Records excerpted from a collection:

################

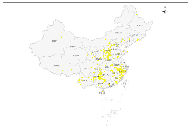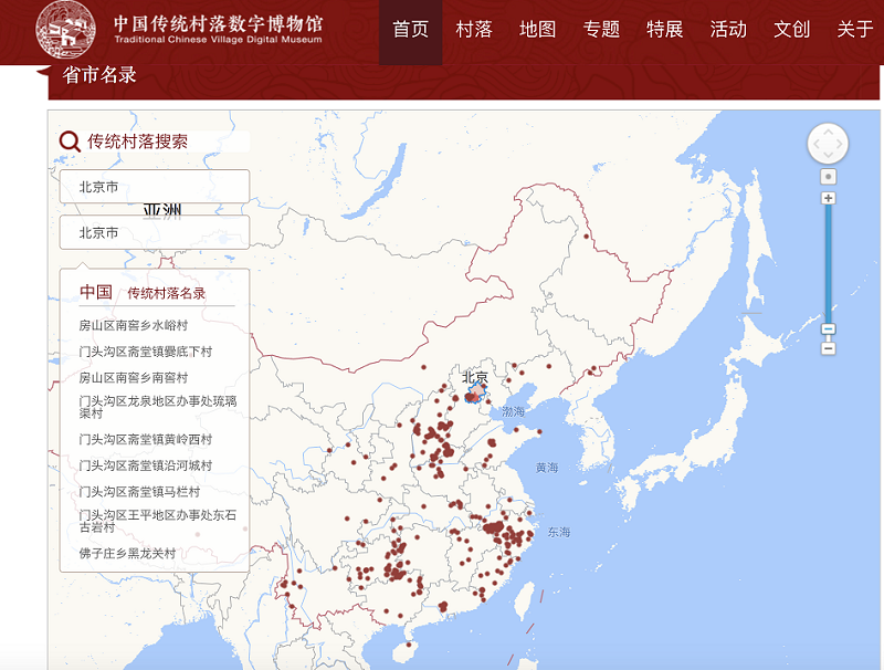 中国传统村落数字博物馆村落单馆全国分布图
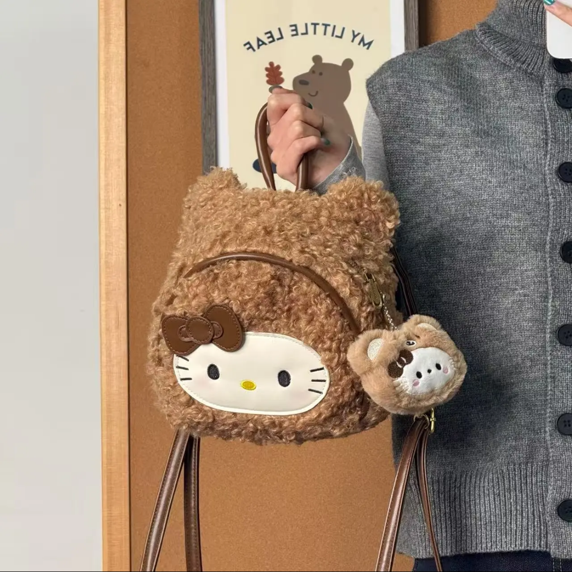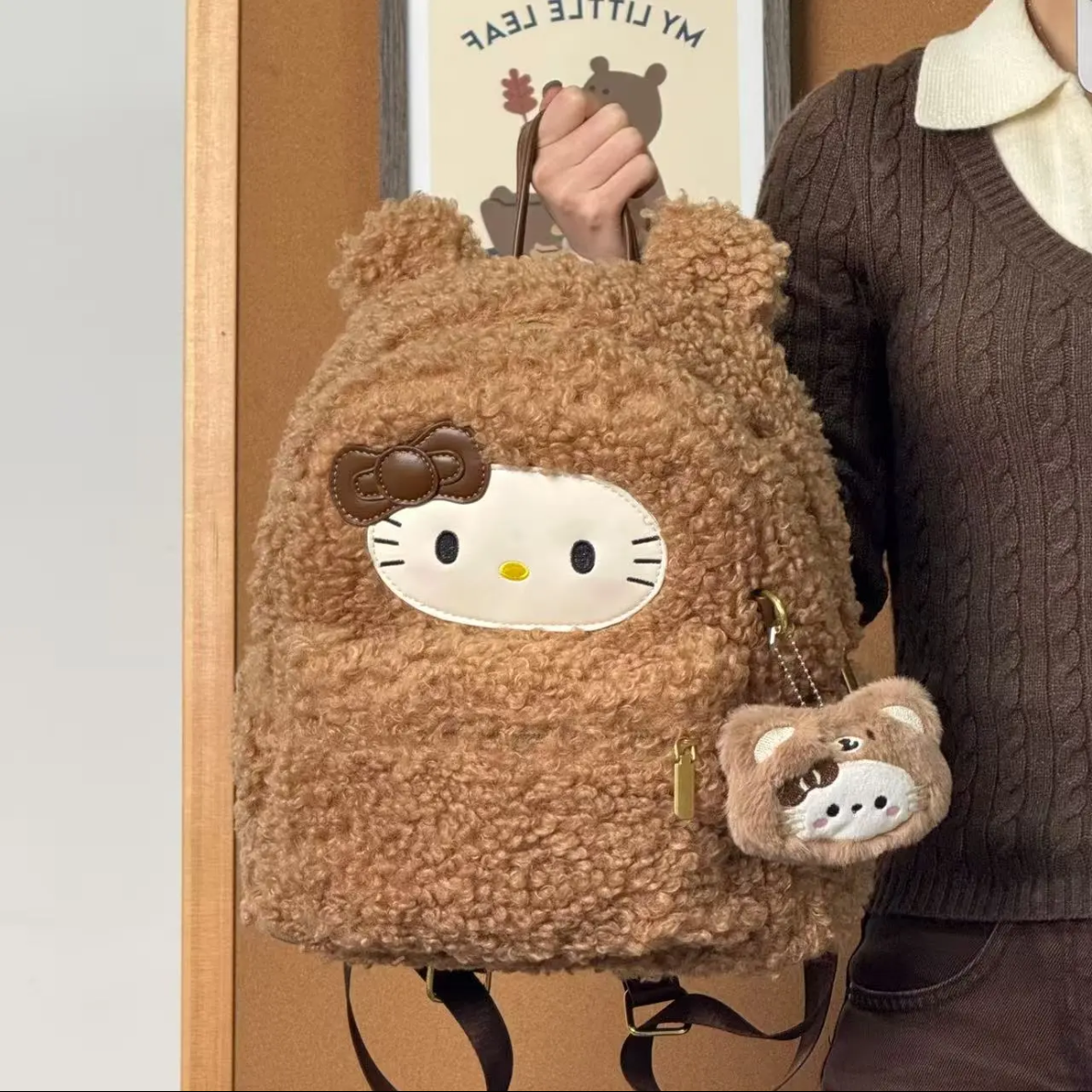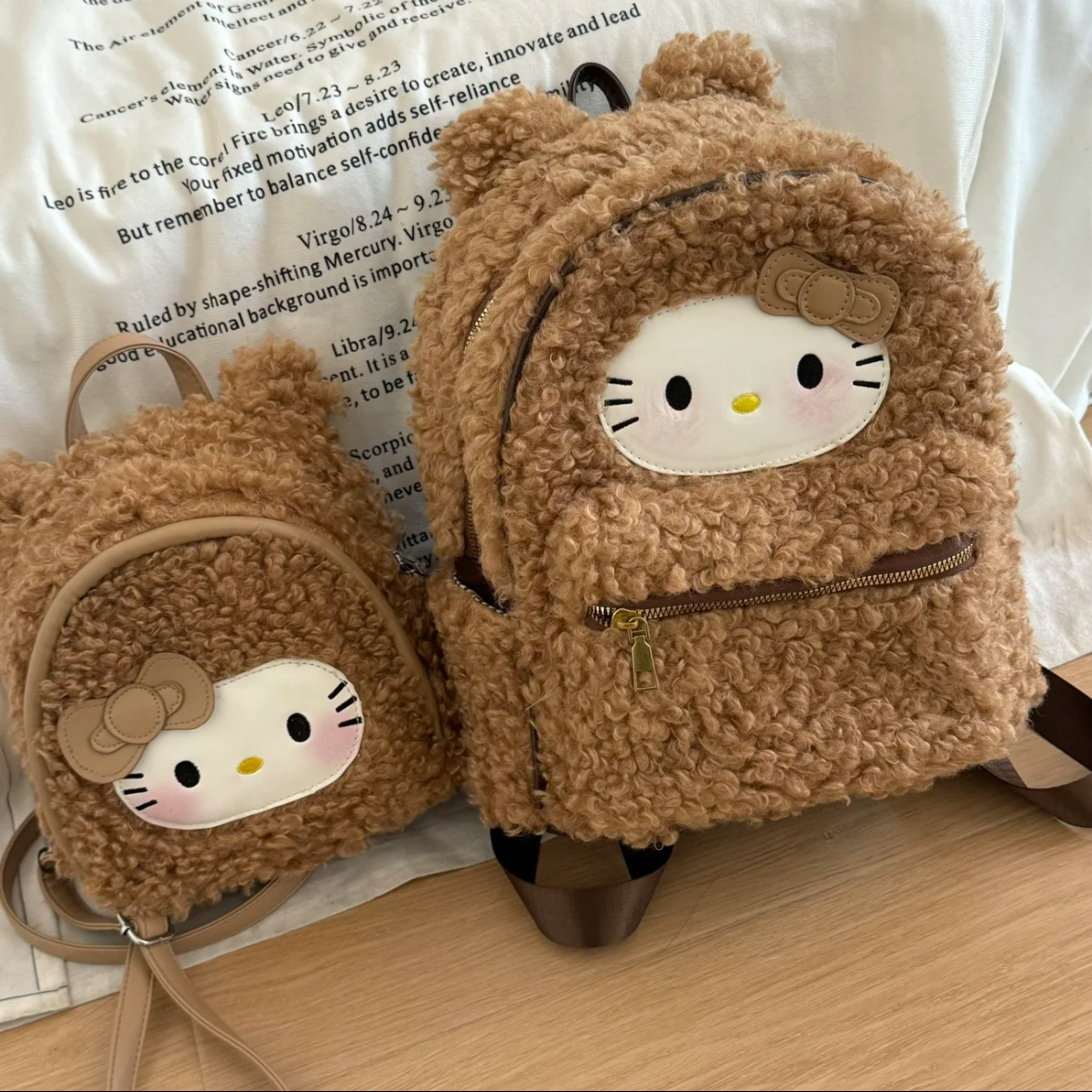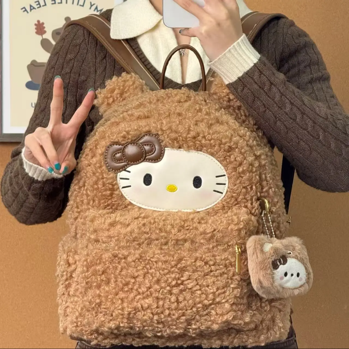 卡通可爱小猫双肩包包女2025冬季新款毛绒手提背包大学生上课书包
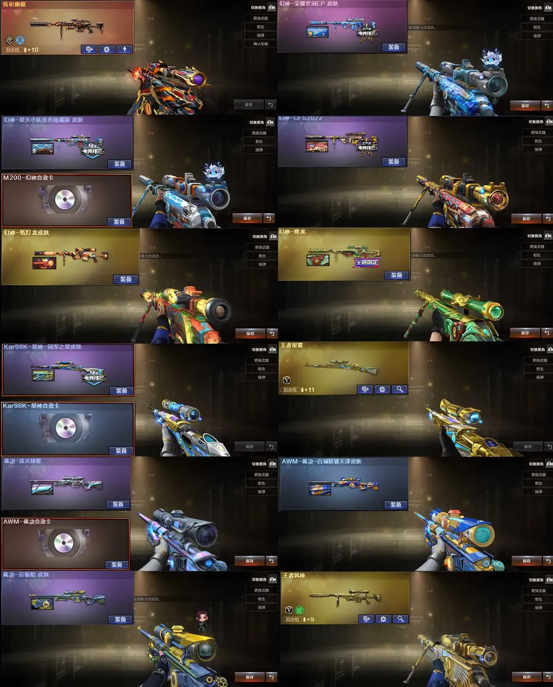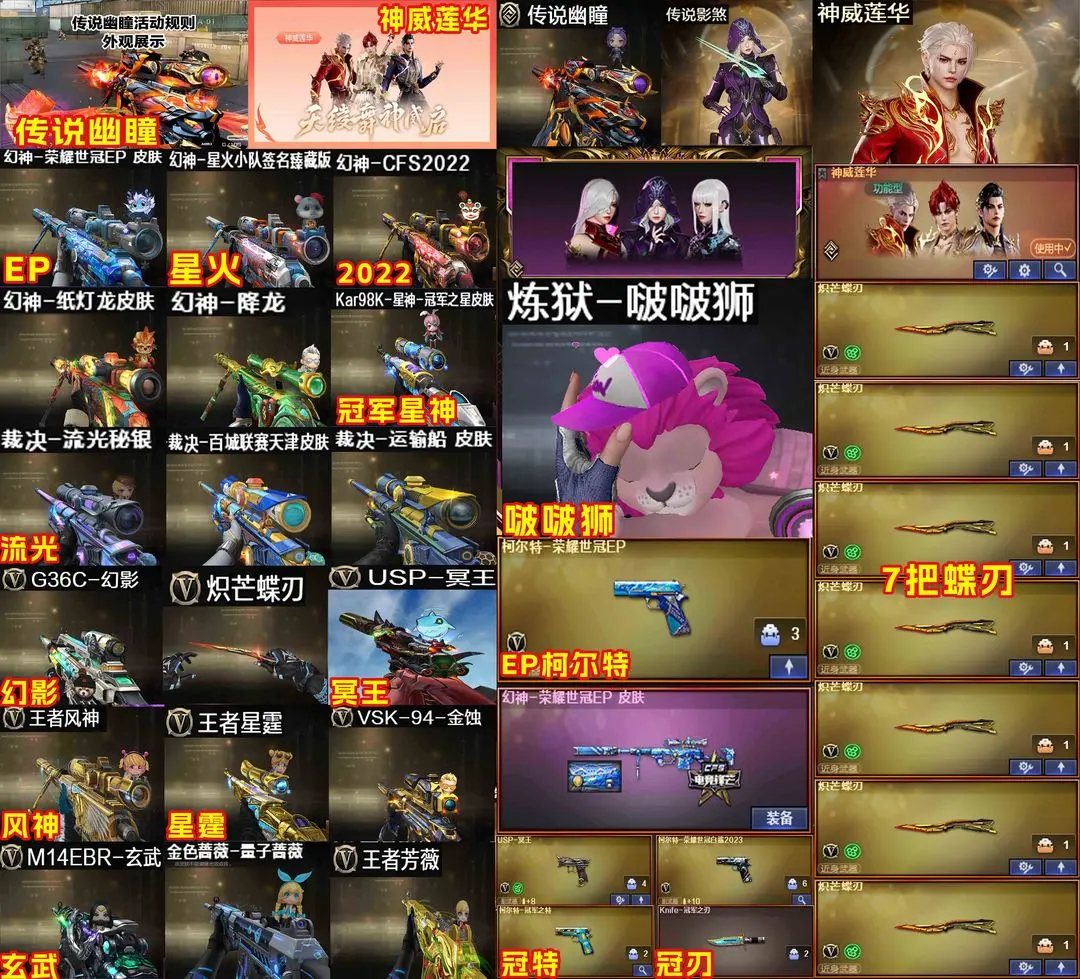 【装备道具】:传说影煞/传说幽瞳/传说幽冥★幻神-荣耀世冠EP 皮肤/幻神-纸灯龙皮肤/幻神-星火小队签名臻藏版 皮肤/幻神-降龙/幻神-CFS2022/Kar98K-星神-冠军之星皮肤/裁决-运输船 皮肤/裁决-流光秘银/AWM-裁决-百城联赛天津/冠军之心火麒麟-巅峰荣耀/雷神-仲达白露/雷神-R.LGD冠军/雷神-白鲨/金色蔷薇-量子蔷薇/屠龙-巅峰荣耀 皮肤/屠龙-荣耀之锋/屠龙-星火燎原/幻神音效卡/星神音效卡/金色蔷薇音效卡/白虎-盛典舞曲音效卡/朱雀音效卡/玄武音效卡/雷神音效卡/黑骑士音效卡/火麒麟音效卡/毁灭音效卡/裁决音效卡/极光音效卡/炼狱-百战金芒★星神-炽天使/王者星霆/王者星光/王者雷影/王者风势/王者猎神/VSK-94-金蚀/王者风神-觉醒版/柯尔特-荣耀世冠EP/USP-冥王/柯尔特-荣耀世冠白鲨2023/屠龙-电竞之星/G36C-幻影/王者芳薇-觉醒版/COP雷霆王者/柯尔特-冠军之特/HK417-朱雀/M14EBR-玄武/★98K-星神/AWM-裁决★雷霆王者套装★炫/荒漠琉璃/关小雨/_晴雅/雨墨/幻面灵狐/王者炫/王者潘多拉/6盘龙炼狱
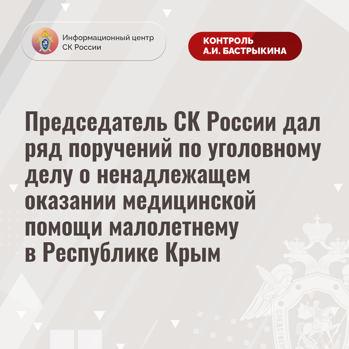 Председатель СК России дал ряд поручений по уголовному делу о ненадлежащем оказании медицинской помощи малолетнему в Республике Крым
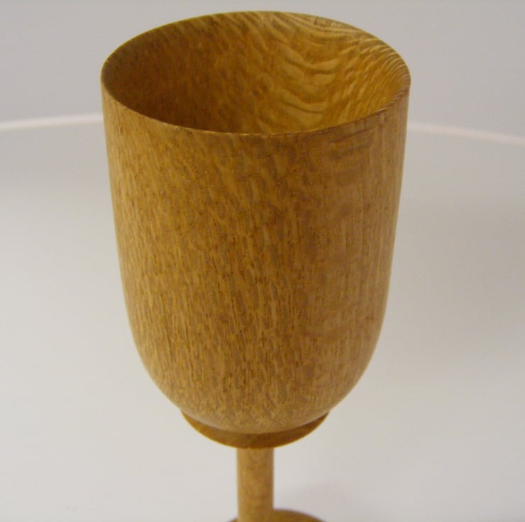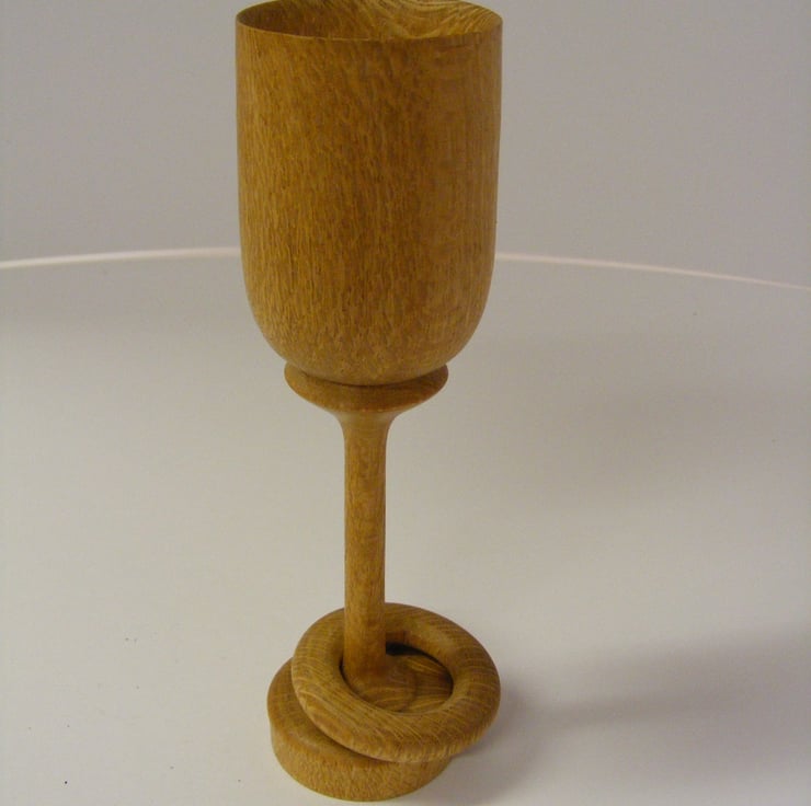 The shape of this goblet much like a wine glass with a groove V detail at the base of the cup and a slight step in the base really shows off the checked/flecked nature of the Silver oak, it also has a captive ring.

################

Your objective:
Except for the pictures, set down each line of the records exactly as it appears.

Answer section:
 中国传统村落数字博物馆村落单馆全国分布图
 卡通可爱小猫双肩包包女2025冬季新款毛绒手提背包大学生上课书包
 【装备道具】:传说影煞/传说幽瞳/传说幽冥★幻神-荣耀世冠EP 皮肤/幻神-纸灯龙皮肤/幻神-星火小队签名臻藏版 皮肤/幻神-降龙/幻神-CFS2022/Kar98K-星神-冠军之星皮肤/裁决-运输船 皮肤/裁决-流光秘银/AWM-裁决-百城联赛天津/冠军之心火麒麟-巅峰荣耀/雷神-仲达白露/雷神-R.LGD冠军/雷神-白鲨/金色蔷薇-量子蔷薇/屠龙-巅峰荣耀 皮肤/屠龙-荣耀之锋/屠龙-星火燎原/幻神音效卡/星神音效卡/金色蔷薇音效卡/白虎-盛典舞曲音效卡/朱雀音效卡/玄武音效卡/雷神音效卡/黑骑士音效卡/火麒麟音效卡/毁灭音效卡/裁决音效卡/极光音效卡/炼狱-百战金芒★星神-炽天使/王者星霆/王者星光/王者雷影/王者风势/王者猎神/VSK-94-金蚀/王者风神-觉醒版/柯尔特-荣耀世冠EP/USP-冥王/柯尔特-荣耀世冠白鲨2023/屠龙-电竞之星/G36C-幻影/王者芳薇-觉醒版/COP雷霆王者/柯尔特-冠军之特/HK417-朱雀/M14EBR-玄武/★98K-星神/AWM-裁决★雷霆王者套装★炫/荒漠琉璃/关小雨/_晴雅/雨墨/幻面灵狐/王者炫/王者潘多拉/6盘龙炼狱
 Председатель СК России дал ряд поручений по уголовному делу о ненадлежащем оказании медицинской помощи малолетнему в Республике Крым
 The shape of this goblet much like a wine glass with a groove V detail at the base of the cup and a slight step in the base really shows off the checked/flecked nature of the Silver oak, it also has a captive ring.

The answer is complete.